This article is based on a face-to-face interview one of our editors conducted with the couple. We wish J and A the very best as they have just completed one year together as a married couple. Happy first anniversary. May their lives be blessed with love and care for each other.
Photo source: From the couple’s wedding album
A quick search in Google on same-sex marriage and you will get overwhelmed by what’s out there. An interesting nugget of information I found is that same-sex marriages happened even during the Roman Empire. One might argue that these marriages are different from what we have (or don’t have) now, in nature and intention. But one can’t deny that throughout our history, there were instances of “gay marriages”, as few and far between as they were. My favourite anecdote is the blond slave charioteer, Hierocles*, proclaiming that he was delighted to be called Roman emperor Egalabalus’ mistress and wife. The emperor also referred to the charioteer as his husband. How quaint!
One of the major controversies that cloud the current issue of same-sex marriage is the concept of the word “marriage”. A gay couple can get a lawyer to draft out conditions that are comparable to a heterosexual marriage. But, many who are against same-sex marriage want to maintain and preserve the definition of marriage to be one between a man and a woman. And may I add that this view is not just solely from the Christian quarters. However, shouldn’t marriage be a right given to all, regardless of race, language, religion or sexual orientation? Well, this is a point of contention.
THE COUPLE – HAND IN HAND Photo source: From the couple’s wedding album
I was privileged to meet a Singaporean gay couple who was married in Bali last year. J (44) and A (29) first met at an Oogachaga event. While the relationship was not smooth sailing, A says that one “does not give up immediately after the first signs of trouble.” They also had their fair share of criticism from “friends” who seemed overly invested in their relationship. The latter brought up issues they had like J and A’s age difference and how their relationship is mixed race, as if these were hindrances to their love for each other. J said that some of his Chinese friends were uncomfortable with him dating an Indian guy and slowly drifted away from him. However, he does not regret any of his actions as he feels that A is “positive energy” to him. He also added that while a few friends might have issues with A, he is “well-liked” by all his closest friends and that is an important “pull factor” for him.
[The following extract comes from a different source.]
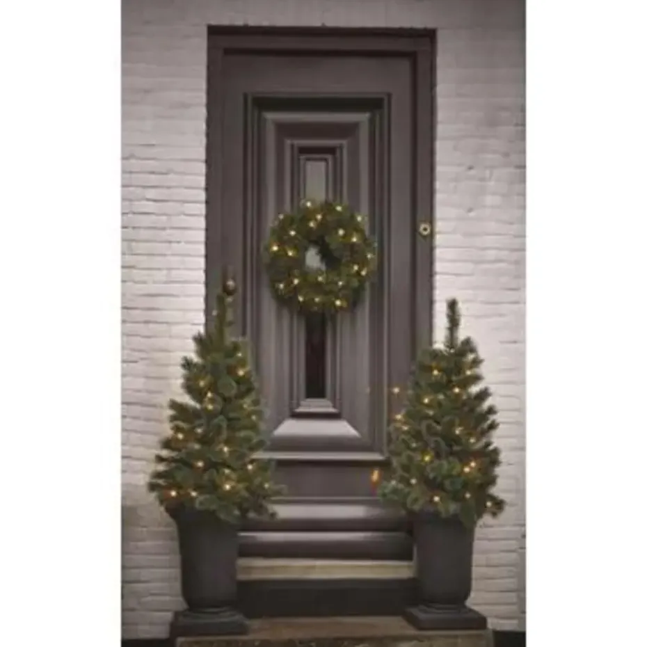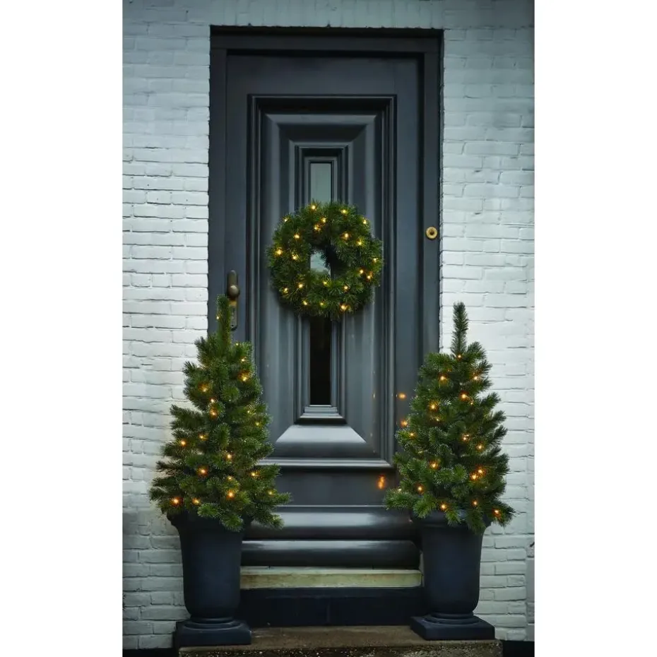 Haal de kerst in huis met het dennengroen van deze Glendon krans uit de collectie van Black Box Trees. De kerstkrans heeft natuurlijke. bruine takjes met daaraan stevige naaldjes die tot in detail zijn nagemaakt. Door de witte puntjes lijkt het daarnaast net alsof hij bevroren is. Dat past helemaal in de winterse sfeer! De krans is van zichzelf al mooi. maar wordt nog specialer met wat extra decoraties. Versier hem zoals jij dat mooi vindt! Voor het gemak is hij wel al voorzien van 30 warm witte LED lampjes. De verlichting werkt op batterijen. dus je bent niet afhankelijk van een stopcontact. Leuk om op de deur te hangen. of leg hem op de kast als basis voor een kerststukje. De krans heeft een diameter van 60 cm en wordt geleverd met 2 jaar garantie. Dat wordt gegarandeerd genieten!
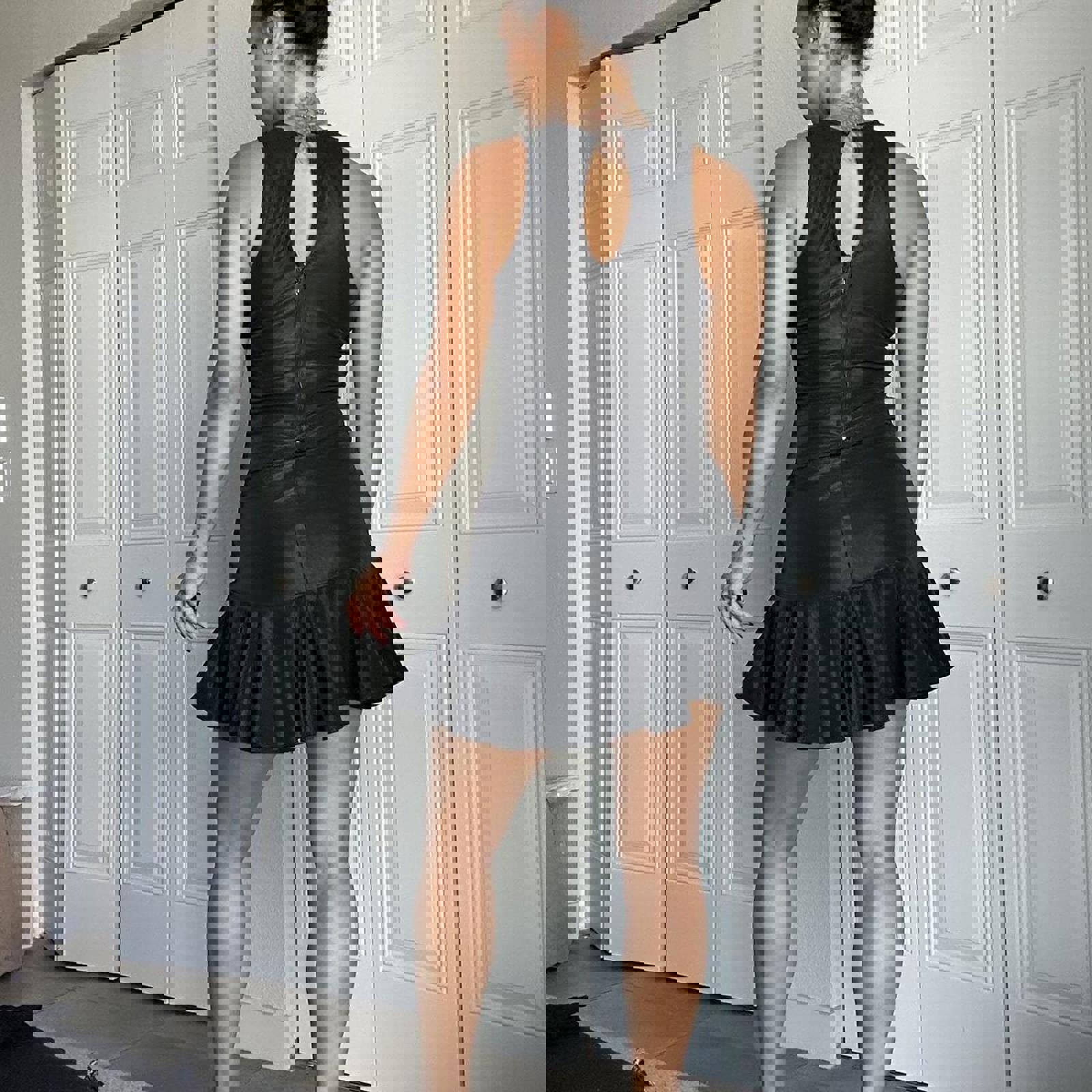 560. Cloude mini dress in black color perfect condition. Soooo flattering - labeled petite I would say it fits like an xs/s.

One thing I was curious about, being the romantic that I am, is the proposal. But, there wasn’t one. It was a mutual albeit romantic gesture. Both J and A were at Plaza Singapura, having dinner with friends. They ended up at a shop, as J was particularly interested in a ring. They found out that it was $88 for two and it was at that moment that they realised they wanted to be married to each other, almost telepathically. A said that it was on that night that they planned their wedding.
In planning their wedding, both of them depended on their strengths. A planned the wedding as he was good at budgeting and J was put in charge of the design aspects as he was good with details. The couple invited 80 close friends and family to celebrate their lavish wedding in Bali overlooking the mountain. A said that his boss closed the office and all his colleagues, their spouses and children attended the wedding. His straight colleagues went all out to make him feel at home and were eager to attend his wedding. He also came out to his sister and mother before the wedding. J came out to his nephew before the wedding. His nephew attended the ceremony in Bali. But not all was fine and dandy, as some of their gay friends made weak excuses not to attend the wedding. As disappointed as they were that some people in the community were not as supportive, they were not deterred by it at all. They were married on 25 May 2013.
If you have a list of certain expectations of what you think
the “ideal man”should be like, you will not find “the one”.
Everybody deserves to be loved…..
…..You need to give yourself and other people a chance. __________________________________________________
For A, it is not the legality that they were looking for; it was what it meant symbolically. After the marriage, he felt “funny, as there was this sense of responsibility” to each other. J feels that marriage is a beautiful thing but the gay community can be overly cynical about such issues. Finally, I asked the happy couple to give us single mature men some advice on finding love.
A’s advice: If you have a list of certain expectations of what you think the “ideal man” should be like, you will not find “the one”. Give people a chance. Be comfortable in your own skin and say “Yes” as you will never know what will come from it.
J’s advice: Everybody deserves to be loved; people just fear rejection. However, one must make a conscious effort to move on and meet people. Everyone has someone. You need to give yourself and other people a chance.